Defendia ainda "a criação de uma entidade de acompanhamento independente para garantir o respeito pelo princípio de prevenção ambiental " e a necessidade de "ouvir as cooperativas de pesca e outras associações cívicas que não foram diretamente consultadas na fase de consulta pública".
A consulta pública aconteceu entre 22 de Março e 19 de Abril de 2017, mas associações ambientalistas e cidadãos presentes na manifestação organizada no passado dia 13, em Setúbal, contra as dragagens acusam a Administração do Porto de Setúbal e o Ministério do Mar, responsáveis pela obra, de a terem ocultado.
"Ainda há tempo de parar com ações que provoquem danos e ouvir para tomar a decisão que sirva melhor os interesses de Setúbal, da região e do país. E nestes interesses contam-se os ambientais, mas também os económicos e sociais", anuncia o vereador no comunicado.

“Verdes” alertam para riscos das dragagens e advogam ponderação
A líder parlamentar de "Os Verdes", Heloísa Apolónia, avisou esta quarta-feira para os perigos das dragagens previstas para o rio Sado, defendendo a sua devida ponderação, em declaração política, no parlamento.
"Para permitir o acesso de navios de maior porte, ao porto de Setúbal, estão previstas dragagens no estuário do Sado. Não é, evidentemente, a primeira vez que se fazem dragagens no Sado, mas estas implicam, agora, uma maior intensidade e volume (3,5 milhões de metros cúbicos numa primeira fase), para permitir a entrada de navios com 12 metros de calado", descreveu.

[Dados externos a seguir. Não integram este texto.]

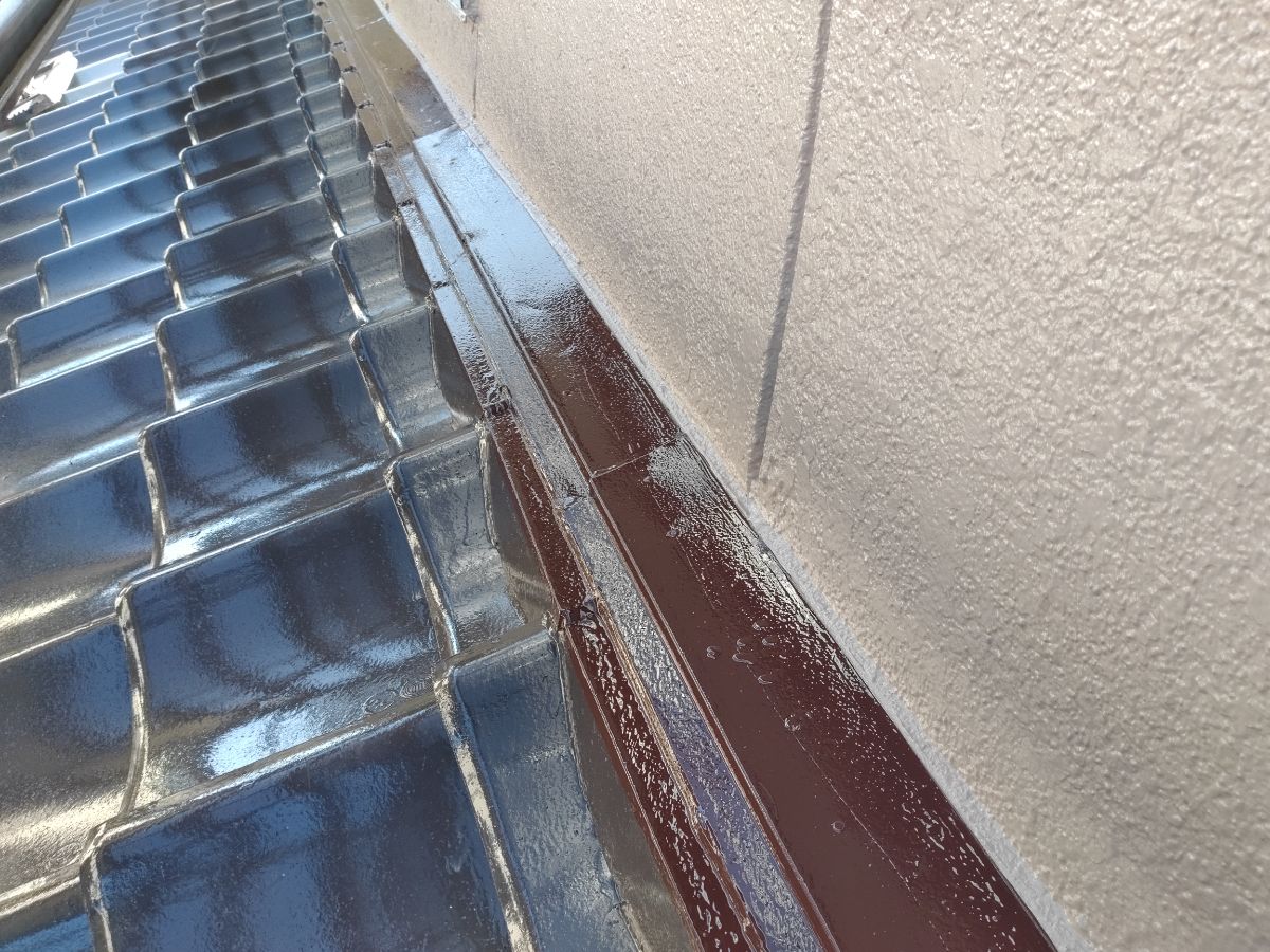 本日は付帯塗装、屋根上塗り1回目(続き)をさせて頂いております!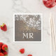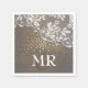 rustic country wedding paper napkins with lace and wood and gold confetti dots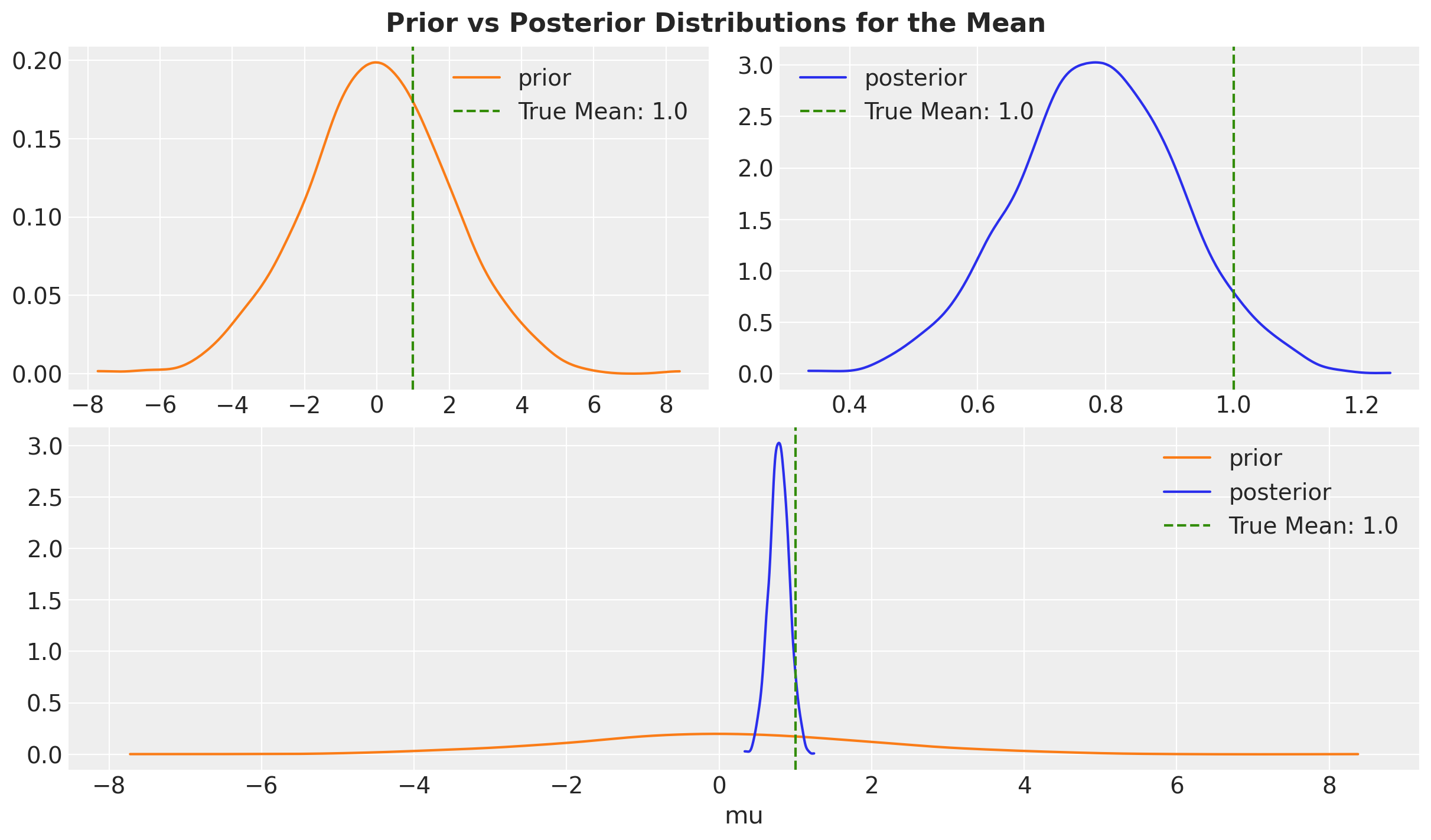 We clearly see how the data has shrunk the prior distribution to have a finer posterior estimate.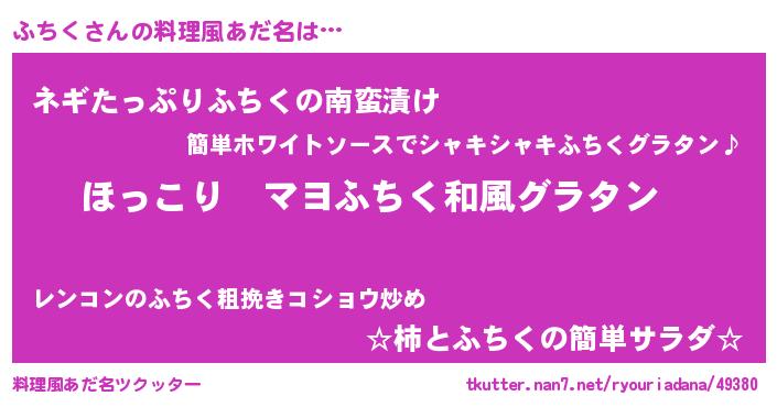 | 男性向けラノベタイトル風あだ名 | 『この素晴らしい世界にふちくを!』 |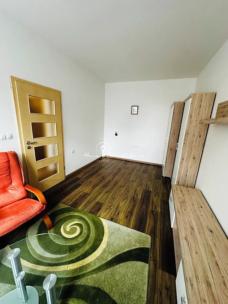 Dispozice bytu je 1+1, obývací pokoj a kuchyně jsou orientovány na jih. Na oknech jsou namontovány venkovní žaluzie.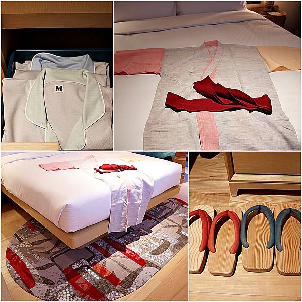 沒想到飯店的浴衣如此可愛,舒適的睡衣也有,踏上小地毯宛如漫步在庭園裡佈滿山茶花的小徑上,真是別有用心!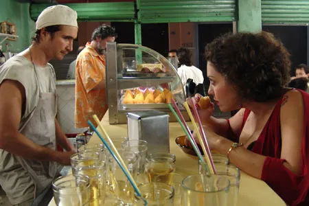 Een beetje eetfilm werkt als culinaire porno. Vaste prik zijn de close-ups van orgastische gezichtsuitdrukkingen wanneer er iets bijzonders wordt geproefd. In Estômago kijkt Íria veel wulpser uit de ogen wanneer ze van Nonato’s kookkunst geniet dan tijdens de seks.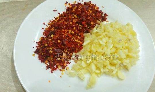 5.压猪蹄的同时,准备辣椒面,将大蒜切成末备用。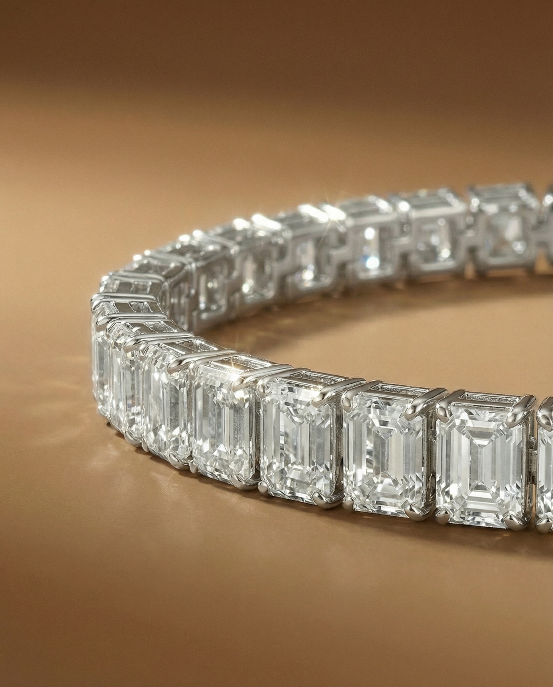 ยกระดับความหรูหราให้กับข้อมือของคุณด้วยสร้อยข้อมือเทนนิสที่คัดสรรเพชรทรง Emerald-cut น้ำงามที่สุด เรียงร้อยต่อกันอย่างประณีต ดีไซน์นี้เน้นความเรียบเท่แต่แฝงไปด้วยพลัง ด้วยหน้าเพชรที่กว้างสะท้อนแสงแบบ “Hall of Mirrors” อันเป็นเอกลักษณ์ ไม่ว่าจะเป็นงานเลี้ยงสำคัญหรือการสวมใส่ในวันพิเศษ สร้อยข้อมือเส้นนี้คือสัญลักษณ์ของรสนิยมที่เหนือระดับ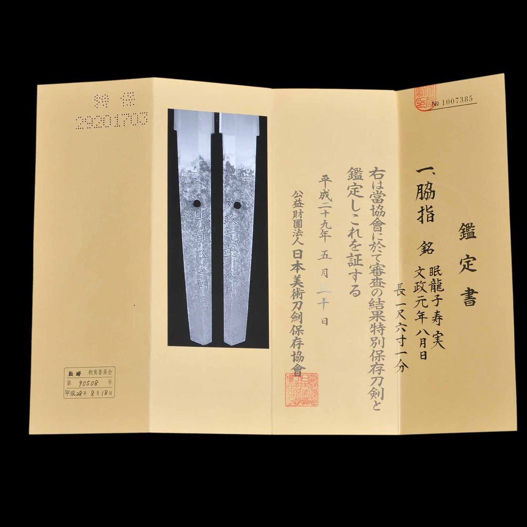 Due to the excellent state of preservation of both the katana and the wakizashi, the Society for Preservation of Japanese Art Swords has certified both the katana and the wakizashi as Tokubetsu Kicho and issued a certificate of authenticity for them as works of exceptional value to be preserved for future generations.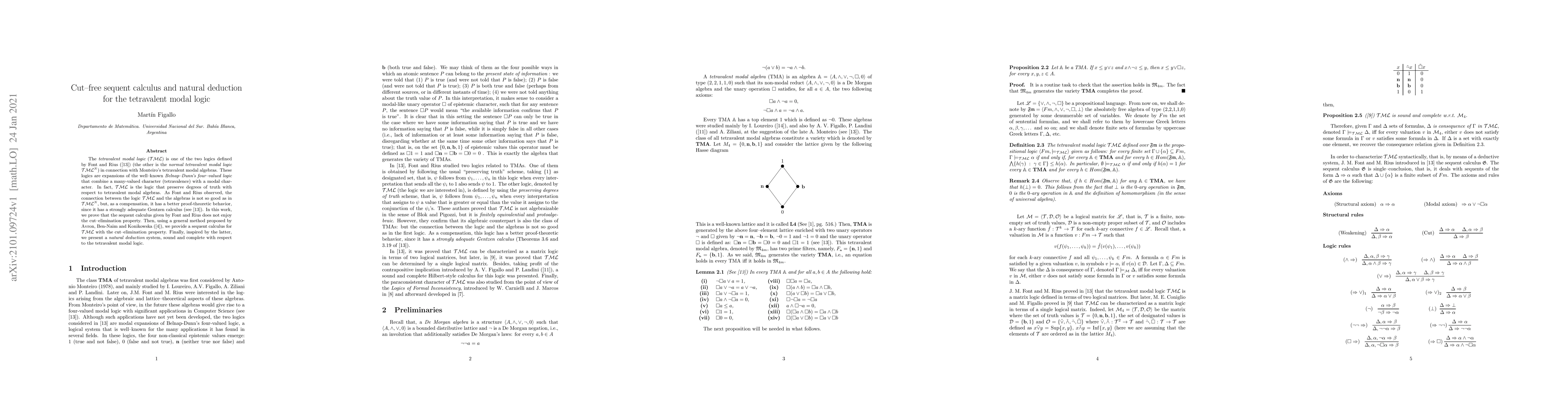 The paper presents a cut-free sequent calculus and a natural deduction system for the tetravalent modal logic TML, along with new proofs of its properties using these systems.

Segundo a deputada ecologista, "na envolvente à área de intervenção do projeto existem zonas sensíveis, como a Reserva Natural do Estuário do Sado, a Zona de Proteção Especial para aves do estuário, o Sítio Ramsar, também importante para um conjunto de aves, o Parque Marinho Luiz Saldanha, e demais área do Parque Natural da Arrábida".
"O PEV considera que não estão dadas garantias seguras sobre a influência real, ou também sobre a minimização de impactos, em relação aos valores naturais em causa, que são relevantíssimos. E, para quem coloca sempre o ambiente em contraponto com a economia, como se a preservação ambiental fosse um obstáculo à dinâmica da economia, e nada mais do que isso, é preciso sublinhar que estes valores naturais têm também uma importância fulcral na economia da região. Numa região que tem uma das baías mais belas do mundo e que tem recursos únicos que importa valorizar e não fragilizar", disse.

Assembleia da República discutiu intervenção no Sado  
O socialista Ivan Gonçalves garantiu que "o processo tem sido preparado ao longo dos últimos dois anos, com todos os estudos ambientais efetuados, pareceres de associações ambientalistas", recordando que até já existiu "uma providência cautelar para impedir a obra que foi rejeitada pelo tribunal competente".
"Estas obras preveem a dragagem de uma quantidade muito significativa de sedimentos, com consequências especialmente para os golfinhos corvineiros. Importa ponderar estas dragagens e colocar em cima da mesa as consequências e impactos ao nível da biodiversidade e socioeconómicos para a população de Setúbal", afirmou a bloquista Sandra Cunha.
O social-democtata António Costa Silva assegurou que "o PSD, desde a primeira, hora acompanhou este assunto sensível em que está em causa a biodiversidade, mas também a atividade económica" e já pediu a audição do ministro do Ambiente.
A comunista Paula Santos referiu tratar-se de uma matéria que "tem preocupado bastante, em particular, os pescadores de Setúbal e de Sesimbra, pelas implicações na atividade económica tradicional", pois "a biodiversidade, a fauna e a flora do rio Sado é de enorme riqueza".
"Não nos opomos ao desenvolvimento da atividade portuária, mas também tem de ser compatibilizada com a atividade económica tradicional, como a pesca, e com as preocupações ambientais inerentes", defendeu a deputada comunista eleita por Setúbal.